Entitled Perilous Profiteering: The Companies Building Nuclear Arsenals and Their Financial Backers, the report says that $685 billion was made available to the 25 nuclear weapons-producing companies between January 2019 and July 2021 — a $63 billion drop from the previous Don’t Bank on the Bomb report, which covered the two preceding years.
“There is a downtrend in the total number of investors, as well as in share and bondholding,” the report highlights. “Overall, there are 75 new financial institutions with investment in nuclear weapon producers, while 127 divested in the previous year, bringing the total number of investors down from 390 to 338.”
The report points out that several of the financial institutions that divested from the sector are from states that joined the treaty—such as Allied Irish Banks and the Bank of Ireland as well as Investec in South Africa—and “while other institutions made new investments, these are predominantly from countries not yet a member of the TPNW.”
None of the nine known nuclear-armed nations—China, France, India, Israel, North Korea, Pakistan, Russia, the United Kingdom, and the United States—support the treaty. Many of the companies that produce such weapons are based in those countries.
Still, as Perilous Profiteering details, the nuclear industry is changing:
The re-nationalization of the UK’s Atomic Weapons Establishment removing Serco from the list of publicly traded companies involved in the production and maintenance of nuclear arsenals is one example. The sale of all government-related contracts of another long-term nuclear weapon associated company (AECOM) so that it is no longer involved in any aspect of nuclear weapon development or stockpiling is another. These changes removed these companies from their association with the production of nuclear weapons, as well as several investor blacklists.
“The industry itself is getting smaller, with companies acquiring or merging together,” according to the report. “Raytheon and United Technologies is one example, Northrop Grumman’s acquisition of Orbital ATK is another.”
“Northrop Grumman is the biggest single nuclear weapons profiteer, with at least $24 billion in contracts, not including consortium and joint venture revenues,” the report notes. “Raytheon Technologies and Lockheed Martin also hold multi-billion-dollar contracts to produce new nuclear weapon systems.”
“The entry into force of the Treaty on the Prohibition of Nuclear Weapons is an historic shift in the way the world deals with nuclear weapons,” says the report. “Financial institutions that continue investing in companies building nuclear weapons face regulatory risks as more countries join the treaty. They also face an increased reputational risk as clients learn of their support for weapons of mass destruction and terminate their relationships.”
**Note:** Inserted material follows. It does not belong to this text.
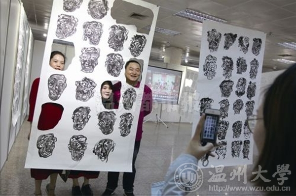 昨天上午,万象城AWC - (888中国)官方网站2017届毕业作品展在温州市展览馆开幕,参观者与美术作品合影。

Published as COP26 begins to wrap up in Glasgow, Scotland, Perilous Profiteering suggests the global community should be pouring money into battling the climate emergency rather than making more destructive weapons systems.
“With trillions of dollars of wealth moving steadily into the sustainability market, investments cannot only do well, they must also do good,” the report says. “Financial institutions are racing to demonstrate their efforts to reduce their impact on the climate.”
“Wealth generation isn’t enough, customers and shareholders are looking for ways to reduce the harm to our shared environment and ecosystem,” the report concludes. “Stopping the production, development, manufacture, and financing of nuclear weapons is a way to protect people and the planet from this existential threat.”